• [TASK STATEMENT] Return only the lines of the data below from the line with "- 🌍 Helliwell" up to and including the line with "The 48m² apartment", exactly as written, with the pictures omitted.

** PROVIDED INFORMATION follows **

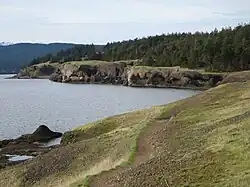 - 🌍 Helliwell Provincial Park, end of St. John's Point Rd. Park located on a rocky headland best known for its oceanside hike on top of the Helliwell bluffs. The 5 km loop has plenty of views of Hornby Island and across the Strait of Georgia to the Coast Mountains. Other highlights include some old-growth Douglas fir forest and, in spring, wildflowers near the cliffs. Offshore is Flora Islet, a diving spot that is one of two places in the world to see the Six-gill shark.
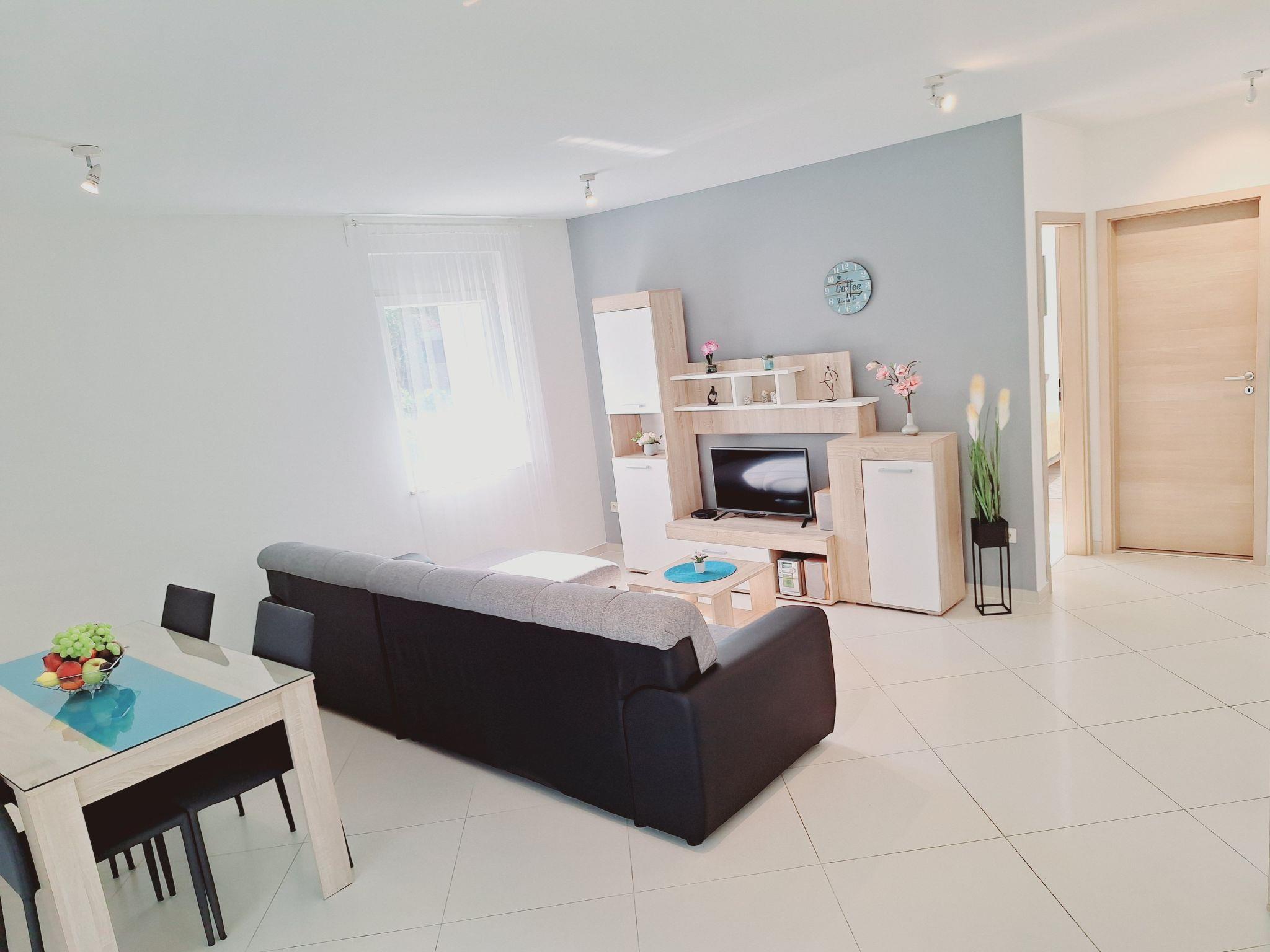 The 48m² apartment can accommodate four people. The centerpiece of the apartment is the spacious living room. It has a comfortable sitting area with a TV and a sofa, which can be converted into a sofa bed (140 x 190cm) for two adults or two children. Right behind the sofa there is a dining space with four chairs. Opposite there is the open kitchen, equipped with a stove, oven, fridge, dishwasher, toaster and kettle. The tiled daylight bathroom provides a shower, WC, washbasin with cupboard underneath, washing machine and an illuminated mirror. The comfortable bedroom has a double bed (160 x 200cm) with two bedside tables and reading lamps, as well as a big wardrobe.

** End of PROVIDED INFORMATION **
** PROVIDED INFORMATION follows **

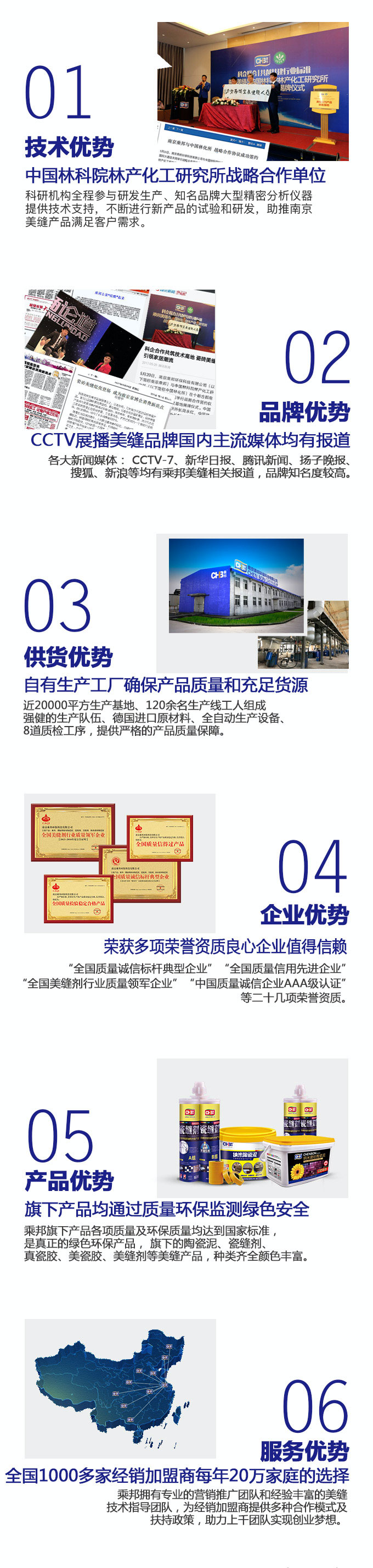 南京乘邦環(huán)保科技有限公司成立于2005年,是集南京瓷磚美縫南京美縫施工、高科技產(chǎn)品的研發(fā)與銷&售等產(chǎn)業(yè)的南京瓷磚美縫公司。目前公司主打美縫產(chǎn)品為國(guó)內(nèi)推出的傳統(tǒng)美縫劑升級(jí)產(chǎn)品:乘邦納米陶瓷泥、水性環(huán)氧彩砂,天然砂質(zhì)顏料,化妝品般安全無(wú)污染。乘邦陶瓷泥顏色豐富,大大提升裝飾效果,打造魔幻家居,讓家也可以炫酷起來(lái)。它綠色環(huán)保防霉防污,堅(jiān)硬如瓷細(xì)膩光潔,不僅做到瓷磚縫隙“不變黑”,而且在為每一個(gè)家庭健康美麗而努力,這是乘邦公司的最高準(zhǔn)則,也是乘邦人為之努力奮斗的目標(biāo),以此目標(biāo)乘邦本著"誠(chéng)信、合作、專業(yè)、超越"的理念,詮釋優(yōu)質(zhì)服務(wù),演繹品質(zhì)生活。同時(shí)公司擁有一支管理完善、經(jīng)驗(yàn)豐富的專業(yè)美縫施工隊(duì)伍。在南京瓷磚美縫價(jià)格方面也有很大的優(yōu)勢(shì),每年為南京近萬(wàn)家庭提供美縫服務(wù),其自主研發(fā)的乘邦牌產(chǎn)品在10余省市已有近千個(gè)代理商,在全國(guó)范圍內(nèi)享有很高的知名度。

** End of PROVIDED INFORMATION **

• [FINAL ANSWER]
 - 🌍 Helliwell Provincial Park, end of St. John's Point Rd. Park located on a rocky headland best known for its oceanside hike on top of the Helliwell bluffs. The 5 km loop has plenty of views of Hornby Island and across the Strait of Georgia to the Coast Mountains. Other highlights include some old-growth Douglas fir forest and, in spring, wildflowers near the cliffs. Offshore is Flora Islet, a diving spot that is one of two places in the world to see the Six-gill shark.
 The 48m² apartment can accommodate four people. The centerpiece of the apartment is the spacious living room. It has a comfortable sitting area with a TV and a sofa, which can be converted into a sofa bed (140 x 190cm) for two adults or two children. Right behind the sofa there is a dining space with four chairs. Opposite there is the open kitchen, equipped with a stove, oven, fridge, dishwasher, toaster and kettle. The tiled daylight bathroom provides a shower, WC, washbasin with cupboard underneath, washing machine and an illuminated mirror. The comfortable bedroom has a double bed (160 x 200cm) with two bedside tables and reading lamps, as well as a big wardrobe.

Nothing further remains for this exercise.